*** Opening Entries supplied ***
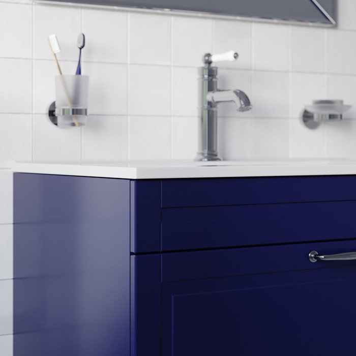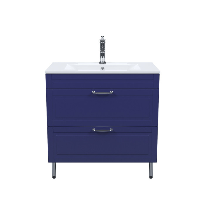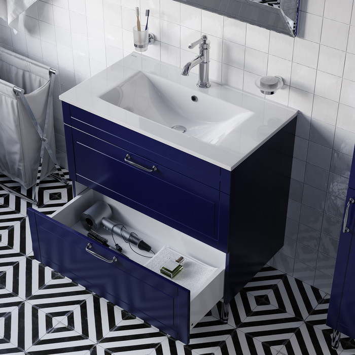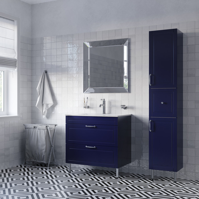 Напольная тумба Oxford в красивом синем оттенке – модное сочетание классического стиля и стиля ретро. Она органично впишется в интерьер благодаря элегантному фрезерованному фасаду и узнаваемому дизайну. В комплекте плоский эргономичный умывальник.•Два просторных выдвижных ящика закрываются плавно и бесшумно благодаря высококачественным скрытым направляющим с доводчиками немецкого производства.•Хромированные ножки и ручки дополняют цвет фасада и сочетаются с дизайном одноименных смесителей IDDIS® и смесителей в стиле ретро. Несложно подобрать все необходимое для создания гармоничного интерьера.•Поверхность фасадов бархатистая, приятная на ощупь. Это ощущение создает полуматовая полимерная эмаль с эффектом soft touch. •Фурнитура рассчитана на 30 000 открываний – это более 10 лет исправной работы.Гарантия на мебель IDDIS® – 3 года.(с) Авторский текст, август 2023 г
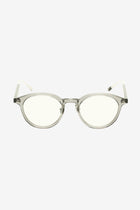 紫外線によってレンズカラーが変化する調光レンズを使用している為、室内では薄いレンズカラーのメガネとして、紫外線のあたる屋外では濃いサングラスとしてご使用いただけます。
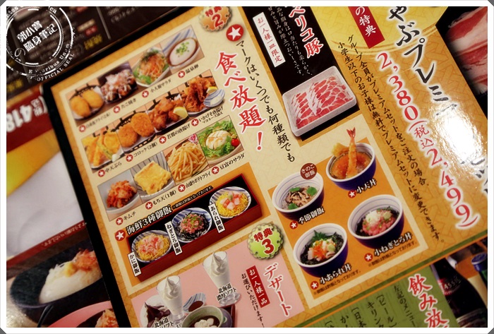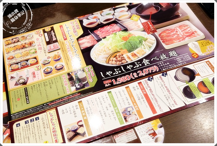 夢庵主要的餐點是以和食料理為主,但是在某一頁讓我們發現了有吃到飽的選項,而且還是火鍋耶,其實當天我們看下來好像只有我們兩個點火鍋吃到飽,其他人都是吃套餐居多,桌面上有火鍋的只有我們XD
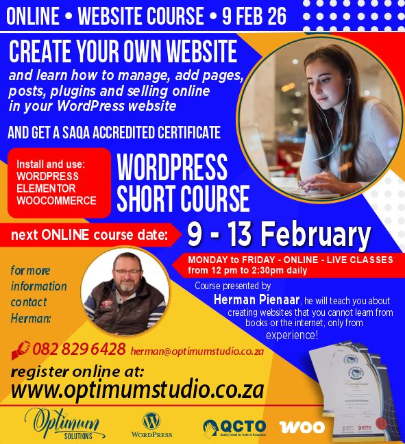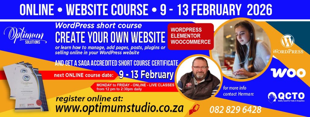 In short, once you have completed the short course, you will be able select your domain, register your website on cPanel on your own website, build a WordPress website (including an online shop) and then maintain your web site.
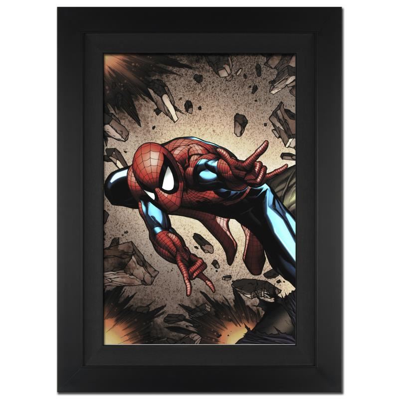 A piece of comic book history, this limited edition, from original art by Steve McNiven, depicts the classic character Spider-Man. Known for being the penciller of the Marvel mini-series "Civil War," Steve McNiven has also contributed art to Spider-Man and Wolverine, among others. "Amazing Spider-Man Annual #38" is an extremely limited edition giclee on canvas by Steve McNiven presented by Marvel Comics, hand signed by the Great Stan Lee (1922-2018) and numbered out of only 10! This piece is custom framed and ready to hang. Includes Certificate of Authenticity! Measure approx. 25" x 34" (with frame), 18" x 27" (image).
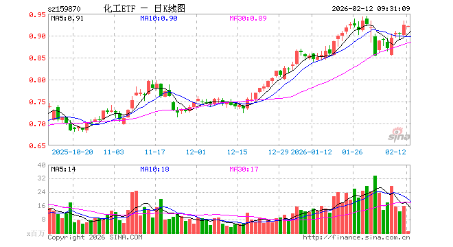 2月12日,化工ETF(159870)开盘跌0.43%,报0.920元。化工ETF(159870)重仓股方面,万华化学开盘跌0.06%,盐湖股份跌0.97%,藏格矿业涨0.05%,天赐材料跌1.23%,巨化股份涨0.00%,恒力石化跌0.23%,华鲁恒升跌0.24%,宝丰能源涨0.00%,云天化涨0.03%,金发科技涨0.16%。
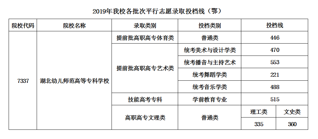 2019年湖北幼儿师范高等专科学校分数线
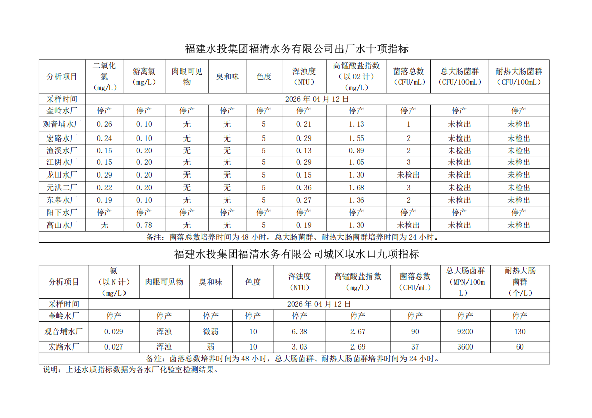 2026年04月12日供水水质信息发布
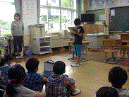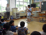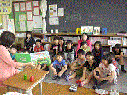 子ども達は、松下さんの読み聞かせをとても楽しみにしています。今日も、子ども達は、夢中になって楽しいお話を聞いていました。3名の1年生もにこにこしながら、お話を聞いていました。
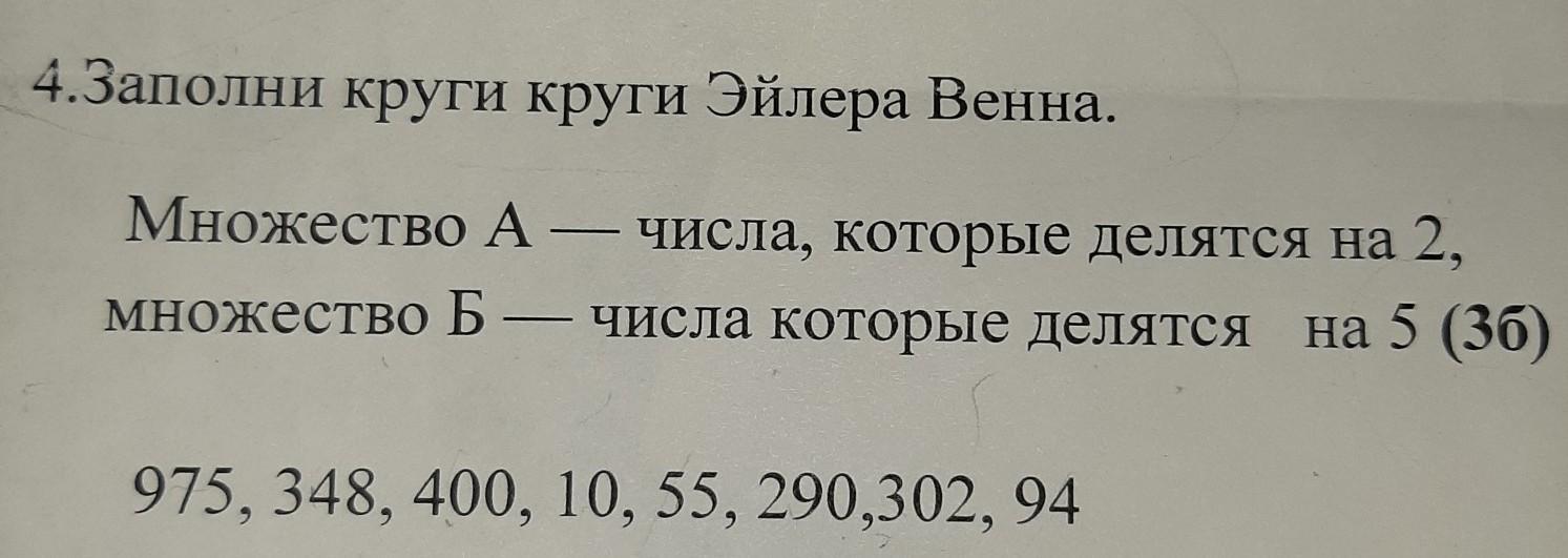 4.Заполни круги круги Эйлера Венна. Множество А-числа, которые делятся на 2, множество Б - числа которые делятся на 5 ( 975, 348, 400, 10, 55, 290,302, 94
*** Closing Entries supplied ***
_Instructions to follow:_
The entries are to be transcribed in full. Their pictures are not.

_Written response:_
 Напольная тумба Oxford в красивом синем оттенке – модное сочетание классического стиля и стиля ретро. Она органично впишется в интерьер благодаря элегантному фрезерованному фасаду и узнаваемому дизайну. В комплекте плоский эргономичный умывальник.•Два просторных выдвижных ящика закрываются плавно и бесшумно благодаря высококачественным скрытым направляющим с доводчиками немецкого производства.•Хромированные ножки и ручки дополняют цвет фасада и сочетаются с дизайном одноименных смесителей IDDIS® и смесителей в стиле ретро. Несложно подобрать все необходимое для создания гармоничного интерьера.•Поверхность фасадов бархатистая, приятная на ощупь. Это ощущение создает полуматовая полимерная эмаль с эффектом soft touch. •Фурнитура рассчитана на 30 000 открываний – это более 10 лет исправной работы.Гарантия на мебель IDDIS® – 3 года.(с) Авторский текст, август 2023 г
 紫外線によってレンズカラーが変化する調光レンズを使用している為、室内では薄いレンズカラーのメガネとして、紫外線のあたる屋外では濃いサングラスとしてご使用いただけます。
 夢庵主要的餐點是以和食料理為主,但是在某一頁讓我們發現了有吃到飽的選項,而且還是火鍋耶,其實當天我們看下來好像只有我們兩個點火鍋吃到飽,其他人都是吃套餐居多,桌面上有火鍋的只有我們XD
 In short, once you have completed the short course, you will be able select your domain, register your website on cPanel on your own website, build a WordPress website (including an online shop) and then maintain your web site.
 A piece of comic book history, this limited edition, from original art by Steve McNiven, depicts the classic character Spider-Man. Known for being the penciller of the Marvel mini-series "Civil War," Steve McNiven has also contributed art to Spider-Man and Wolverine, among others. "Amazing Spider-Man Annual #38" is an extremely limited edition giclee on canvas by Steve McNiven presented by Marvel Comics, hand signed by the Great Stan Lee (1922-2018) and numbered out of only 10! This piece is custom framed and ready to hang. Includes Certificate of Authenticity! Measure approx. 25" x 34" (with frame), 18" x 27" (image).
 2月12日,化工ETF(159870)开盘跌0.43%,报0.920元。化工ETF(159870)重仓股方面,万华化学开盘跌0.06%,盐湖股份跌0.97%,藏格矿业涨0.05%,天赐材料跌1.23%,巨化股份涨0.00%,恒力石化跌0.23%,华鲁恒升跌0.24%,宝丰能源涨0.00%,云天化涨0.03%,金发科技涨0.16%。
 2019年湖北幼儿师范高等专科学校分数线
 2026年04月12日供水水质信息发布
 子ども達は、松下さんの読み聞かせをとても楽しみにしています。今日も、子ども達は、夢中になって楽しいお話を聞いていました。3名の1年生もにこにこしながら、お話を聞いていました。
 4.Заполни круги круги Эйлера Венна. Множество А-числа, которые делятся на 2, множество Б - числа которые делятся на 5 ( 975, 348, 400, 10, 55, 290,302, 94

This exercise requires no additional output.